Excerpts from a dataset
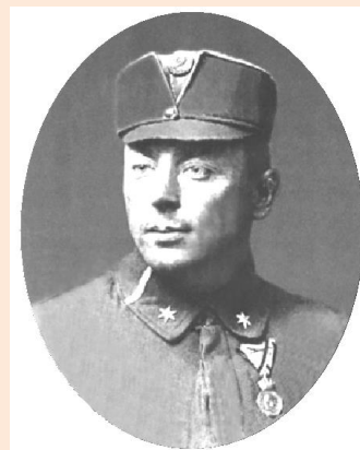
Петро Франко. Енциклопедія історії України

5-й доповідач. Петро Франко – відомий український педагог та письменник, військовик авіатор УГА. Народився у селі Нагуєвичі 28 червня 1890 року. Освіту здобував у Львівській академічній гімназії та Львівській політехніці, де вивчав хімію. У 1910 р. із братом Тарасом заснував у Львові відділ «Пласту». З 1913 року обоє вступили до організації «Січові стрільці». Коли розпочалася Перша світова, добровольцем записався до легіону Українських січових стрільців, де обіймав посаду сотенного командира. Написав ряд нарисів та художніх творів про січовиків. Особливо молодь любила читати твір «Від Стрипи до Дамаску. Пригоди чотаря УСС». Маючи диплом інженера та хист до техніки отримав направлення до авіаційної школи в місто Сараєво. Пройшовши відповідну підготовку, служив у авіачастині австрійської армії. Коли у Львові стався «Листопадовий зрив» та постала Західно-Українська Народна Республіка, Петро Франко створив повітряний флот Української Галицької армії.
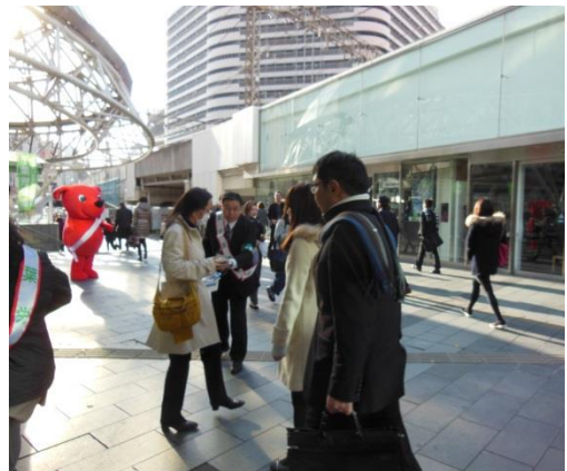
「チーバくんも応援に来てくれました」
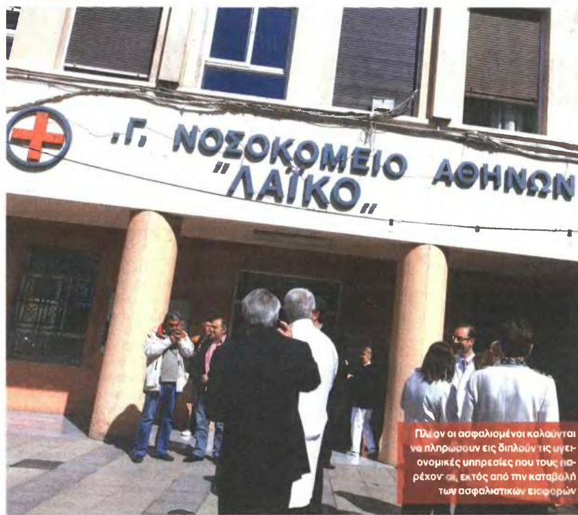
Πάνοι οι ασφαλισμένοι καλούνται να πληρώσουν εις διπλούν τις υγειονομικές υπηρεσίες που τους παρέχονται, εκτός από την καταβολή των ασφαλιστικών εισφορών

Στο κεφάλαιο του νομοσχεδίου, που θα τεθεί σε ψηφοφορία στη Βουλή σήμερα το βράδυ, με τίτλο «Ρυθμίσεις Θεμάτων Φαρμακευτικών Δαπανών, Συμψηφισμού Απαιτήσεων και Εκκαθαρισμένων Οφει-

---

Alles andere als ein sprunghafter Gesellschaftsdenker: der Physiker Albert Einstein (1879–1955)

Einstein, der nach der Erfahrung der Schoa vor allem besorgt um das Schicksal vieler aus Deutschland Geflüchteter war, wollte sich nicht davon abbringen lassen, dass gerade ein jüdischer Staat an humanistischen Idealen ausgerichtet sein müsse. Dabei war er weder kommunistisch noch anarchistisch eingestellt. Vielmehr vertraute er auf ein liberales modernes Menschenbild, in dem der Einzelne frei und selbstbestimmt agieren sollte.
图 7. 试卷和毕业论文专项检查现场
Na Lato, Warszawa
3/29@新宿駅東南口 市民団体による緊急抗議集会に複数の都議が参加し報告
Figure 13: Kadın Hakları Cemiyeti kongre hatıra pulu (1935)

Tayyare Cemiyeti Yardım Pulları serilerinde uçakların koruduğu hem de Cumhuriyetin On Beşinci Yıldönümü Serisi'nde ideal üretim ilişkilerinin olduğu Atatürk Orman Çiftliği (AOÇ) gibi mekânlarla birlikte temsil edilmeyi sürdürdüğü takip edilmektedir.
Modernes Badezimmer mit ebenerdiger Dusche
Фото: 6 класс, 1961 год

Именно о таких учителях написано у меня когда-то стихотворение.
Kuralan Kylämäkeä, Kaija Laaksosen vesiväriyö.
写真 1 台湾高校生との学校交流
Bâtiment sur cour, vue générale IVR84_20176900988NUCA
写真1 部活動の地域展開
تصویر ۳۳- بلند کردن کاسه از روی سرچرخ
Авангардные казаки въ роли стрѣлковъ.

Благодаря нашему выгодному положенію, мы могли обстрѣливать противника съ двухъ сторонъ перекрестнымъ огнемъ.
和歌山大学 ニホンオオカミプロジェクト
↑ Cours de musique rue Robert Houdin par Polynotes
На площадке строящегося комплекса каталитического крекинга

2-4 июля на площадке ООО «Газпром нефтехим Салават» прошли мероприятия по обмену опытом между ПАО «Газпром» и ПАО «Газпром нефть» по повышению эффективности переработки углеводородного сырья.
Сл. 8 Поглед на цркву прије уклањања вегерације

◆ ACTIVITY
Retype exactly the lines above, from the one with "تصویر ۳۳- بلند کردن کاسه از روی سرچرخ" through the one with "На площадке строящегося", inclusive.

◆ ANSWER SPACE
تصویر ۳۳- بلند کردن کاسه از روی سرچرخ
Авангардные казаки въ роли стрѣлковъ.

Благодаря нашему выгодному положенію, мы могли обстрѣливать противника съ двухъ сторонъ перекрестнымъ огнемъ.
和歌山大学 ニホンオオカミプロジェクト
↑ Cours de musique rue Robert Houdin par Polynotes
На площадке строящегося комплекса каталитического крекинга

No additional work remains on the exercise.